**SUPPLIED MATERIAL:**
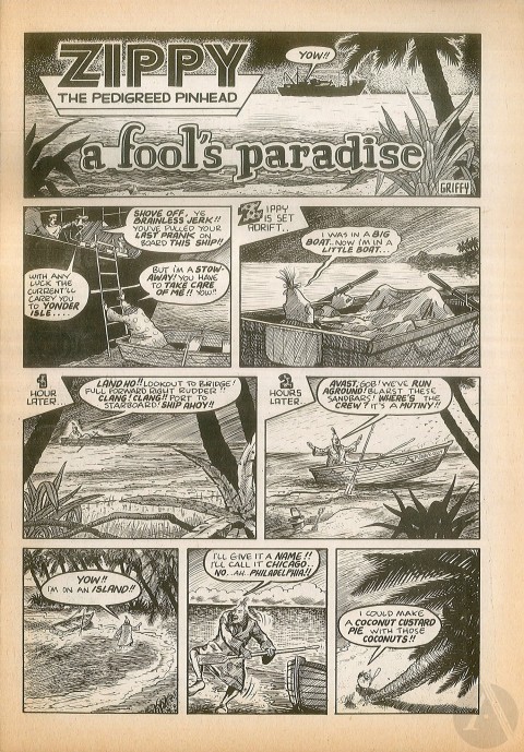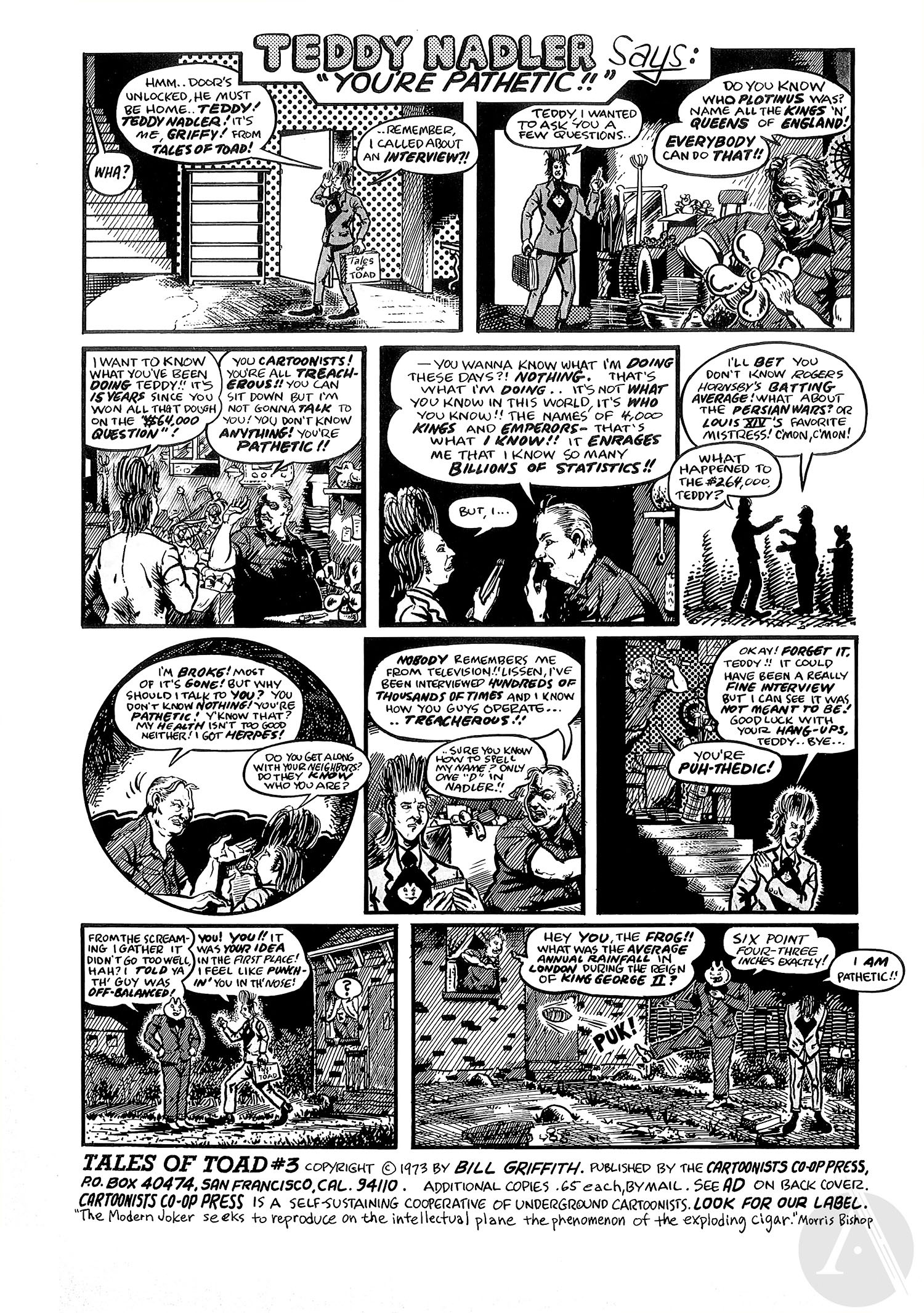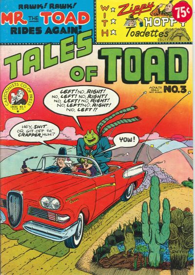 Comic 17 x 26 cm 36 pages → Offset ↪ US ↪ San Francisco Parution en decembre 1973Tales Of Toad n°3 par : Griffith (Bill) Numerisation : Oui (150 dpi) Edition Cartoonists Co-Op Press Collection privée PLUS MOINS
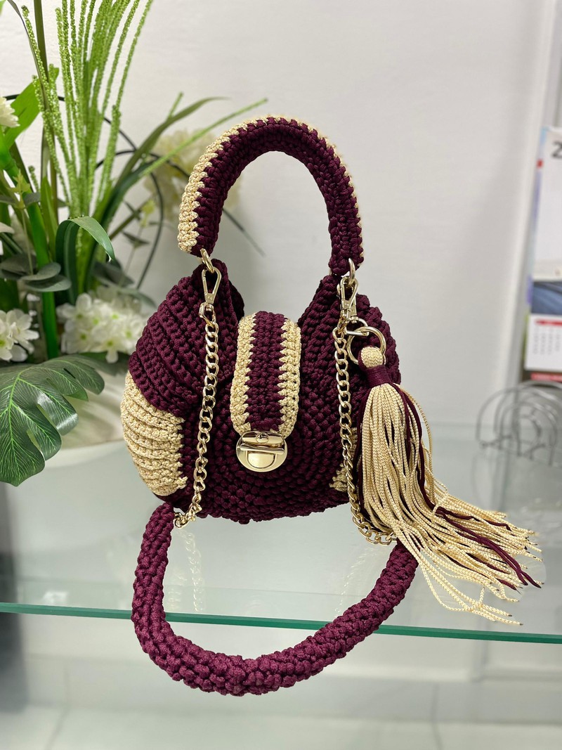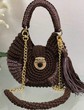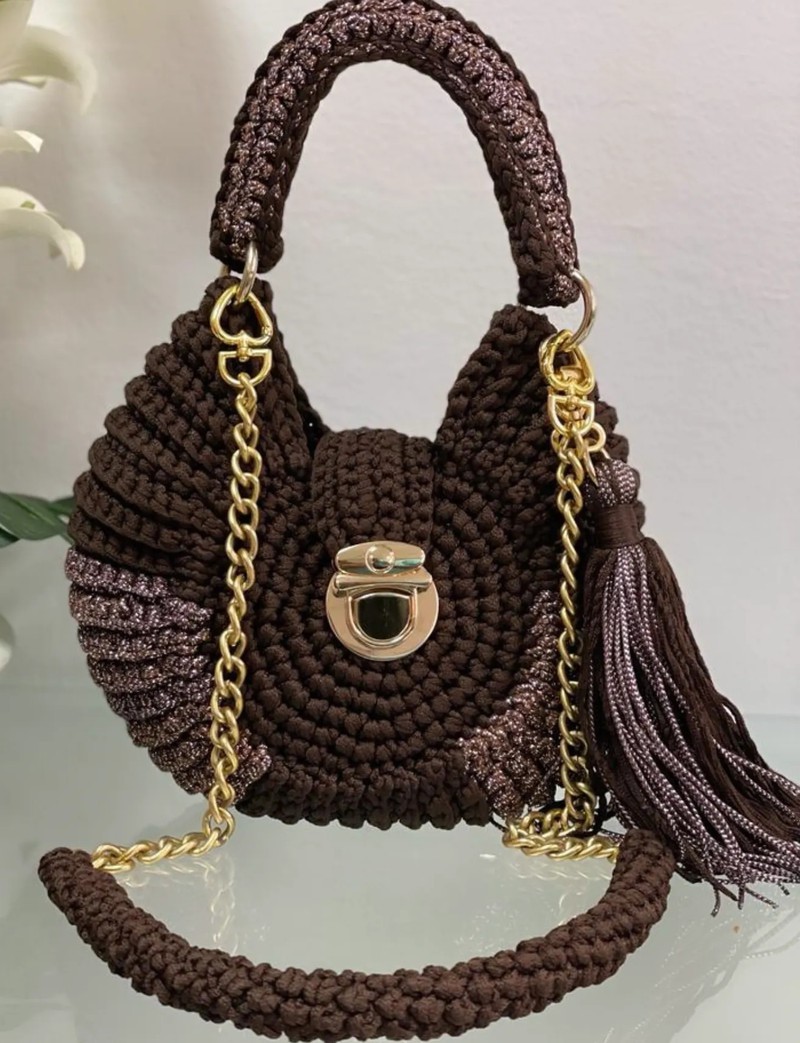 • Color & Material: It’s a dark brown bag made from a tightly woven material, which gives it a rich texture and pattern.
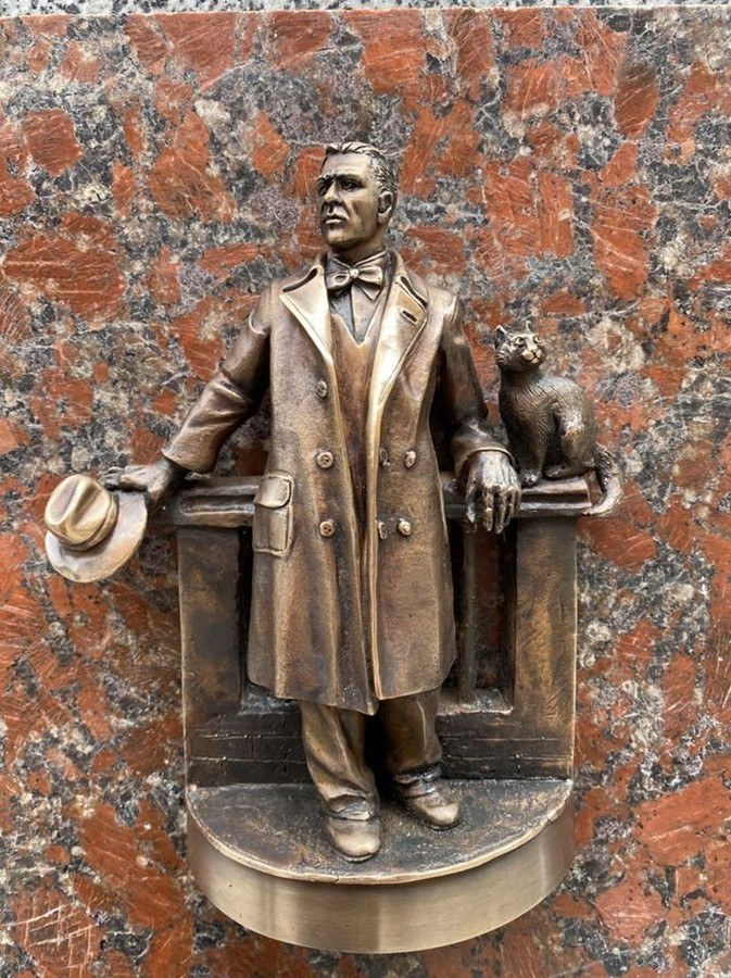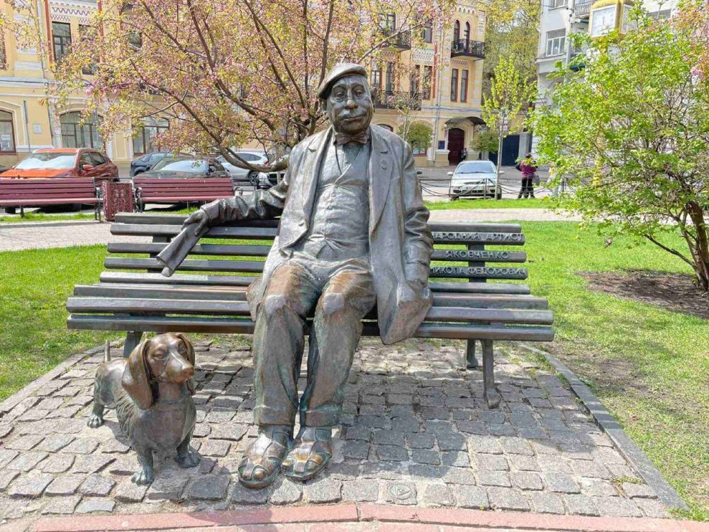 Розглянемо на прикладі двох схожих пам’ятників – Миколі Яковченку у сквері Франка перед однойменним театром і того самого Булгакова, за якого так вчепились (хоча до 2007 року, коли його поставили, всім було плюс-мінус похуй на його відсутність). Говорити будемо виключно про те, як вони вписані в заданий простір і який мають від цього вайб, а не про мистецьку цінність.

**TASK ITEM:** Go through the listing above and retype each line exactly, apart from the pictures.

**TASK RESPONSE:**
 Comic 17 x 26 cm 36 pages → Offset ↪ US ↪ San Francisco Parution en decembre 1973Tales Of Toad n°3 par : Griffith (Bill) Numerisation : Oui (150 dpi) Edition Cartoonists Co-Op Press Collection privée PLUS MOINS
 • Color & Material: It’s a dark brown bag made from a tightly woven material, which gives it a rich texture and pattern.
 Розглянемо на прикладі двох схожих пам’ятників – Миколі Яковченку у сквері Франка перед однойменним театром і того самого Булгакова, за якого так вчепились (хоча до 2007 року, коли його поставили, всім було плюс-мінус похуй на його відсутність). Говорити будемо виключно про те, як вони вписані в заданий простір і який мають від цього вайб, а не про мистецьку цінність.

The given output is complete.